Transport or Discard: Robust Unbalanced Optimal Transport for Cross-Domain Policy Adaptation
Abstract
Cross-domain offline reinforcement learning leverages a source dataset to improve policy learning in a data-scarce target domain, but dynamics mismatch makes many source transitions kinematically infeasible and can cause negative transfer. Recent non-parametric geometric methods (e.g., standard optimal transport and k-nearest neighbors) avoid overfitting yet often yield only relative rankings under an implicit matching or retrieval budget, making performance sensitive to hand-tuned thresholds when the true cross-domain overlap is unknown.
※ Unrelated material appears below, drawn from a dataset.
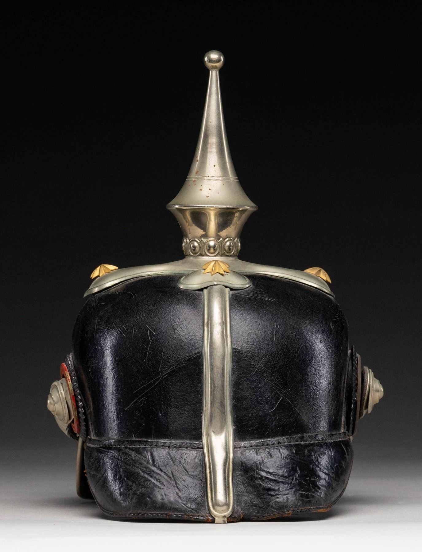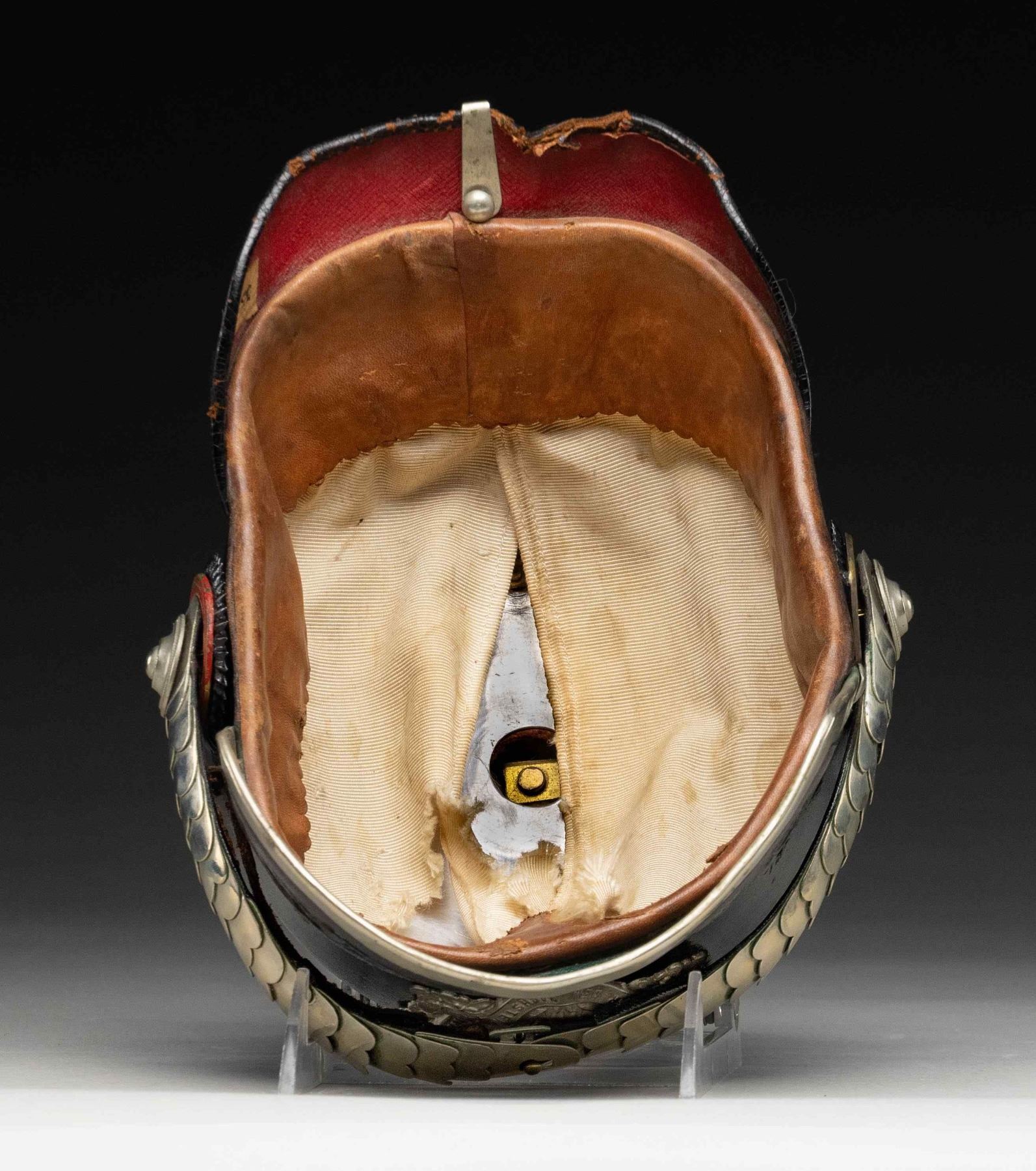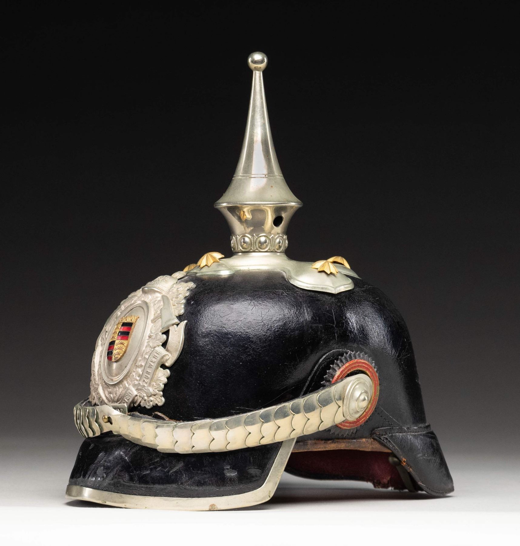 Imperial German Württemberg fire chief pickelhaube helmet. Wappen features a Württemberg coat of arms with antlers, a fire helmet, two axes & the words "GOTT ZUR EHR DEM NACHSTEN ZUR WEHR". Leather body with silver plated spike & other parts. Dome has four 8-pointed star decorations. No liner present. CONDITION: interior shows notable staining, a couple large missing chunks, scattered staining, some tears & age wear. Leather exterior shows some denting, crazing, scuffing & age related wear. Silver plated parts show scattered light oxidation & tarnishing. (02-25843/MJC). NON-GUN. $700-1,100.

We formulate availability estimation as soft subset selection by learning a source reweighting that geometrically aligns with the target. We propose Robust Offline unbalanced Optimal Transport (ROOT): (i) a robust ambiguity set for uncertainty under limited target samples, and (ii) an unbalanced transport objective that penalizes mass deviation, enabling a principled transport-or-discard mechanism. ROOT thus down-weights or discards high-cost source samples rather than forcing them onto the target support. Moreover, the induced weights decay exponentially with transport cost, guaranteeing outlier suppression. On D4RL dynamics-shift benchmarks, ROOT improves downstream offline RL and outperforms strong baselines on most tasks without task-specific threshold tuning.